Another Mass v. EPA Op-Ed:

I wrote another op-ed on the Massachusetts v. EPA case. This one was for a pro/con feature distributed by the McClatchy-Tribune news service. It ran in yesterday's Columbus Dispatch. Here's an excerpt:

A basic principle of our governmental structure is that all legislative powers of the federal government are vested in the legislature. As a consequence, federal agencies, including the EPA, possess only those powers given to them by Congress. Controlling greenhouse gases would be the greatest regulatory undertaking ever contemplated in environmental law. As such, it is simply implausible that Congress would have delegated such authority to the EPA without saying so, yet nowhere does the Clean Air Act explicitly delegate authority to adopt such rules. . . .

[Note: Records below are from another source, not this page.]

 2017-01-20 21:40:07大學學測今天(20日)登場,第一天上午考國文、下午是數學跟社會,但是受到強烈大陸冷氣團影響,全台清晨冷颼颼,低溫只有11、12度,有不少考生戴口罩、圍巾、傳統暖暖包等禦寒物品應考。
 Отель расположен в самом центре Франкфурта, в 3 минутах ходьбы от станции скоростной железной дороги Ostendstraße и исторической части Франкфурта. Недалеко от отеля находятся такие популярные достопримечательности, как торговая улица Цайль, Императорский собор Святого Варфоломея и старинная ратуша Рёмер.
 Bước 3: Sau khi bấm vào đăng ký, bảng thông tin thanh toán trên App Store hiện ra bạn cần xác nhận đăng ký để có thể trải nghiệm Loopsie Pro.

The clear intent of the act as amended in 1967 and as subsequently amended in 1970, 1977 and 1990 is to control local and regional air pollution, such as soot and smog. Every time Congress has sought to address a broader environmental concern, such as ozone depletion or acid rain, it has explicitly authorized the EPA to act. Moreover, if carbon dioxide and other greenhouse gases are pollutants for the purposes of Section 202, they are almost certainly air pollutants for the Clean Air Act's "nonattainment" provisions as well, as the language is virtually identical. Yet the regulatory measures that are required by these provisions — the creation and enforcement of national ambient air-quality standards — are fundamentally incompatible with the regulation of greenhouse gases as such.

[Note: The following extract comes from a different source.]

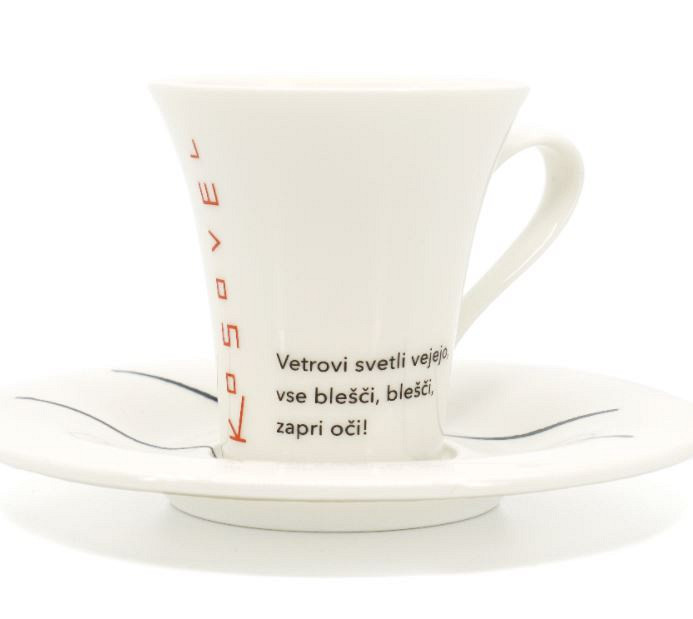 Na voljo so tri različne majhne skodelice s poezijo Kosovela: "Bodi pesem", "Iz njenega srca", "Vetrovi svetli".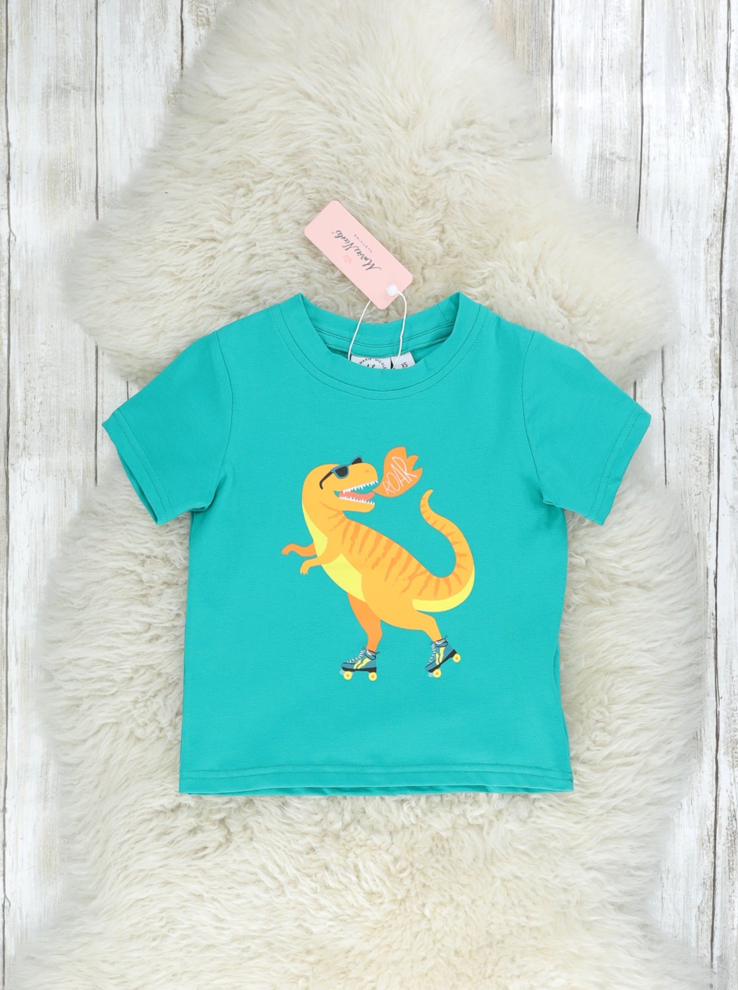 This adorable brother set is RAWRdiculously perfect! This teal shirt features a T-Rex on roller skates with a fiery roar.

Arizona State University's Joseph Feller wrote the opposing article. Here's an excerpt from his piece:

t is not up to the EPA, or the courts, to decide whether automobile emission standards are a wise, reasonable or economical way to control air pollution. Congress decided that automobile-emission standards are a good idea, and instructed EPA to issue them for any air pollutant that endangers the public's health or welfare.

If Bush's EPA doesn't agree with the Clean Air Act, it can ask Congress to change it. Until then, to paraphrase Donald H. Rumsfeld, the EPA should implement the law that Congress wrote, not the one that it wishes Congress had written. And if the EPA refuses to follow the law, then the courts should order it to do so. After all, that's their job.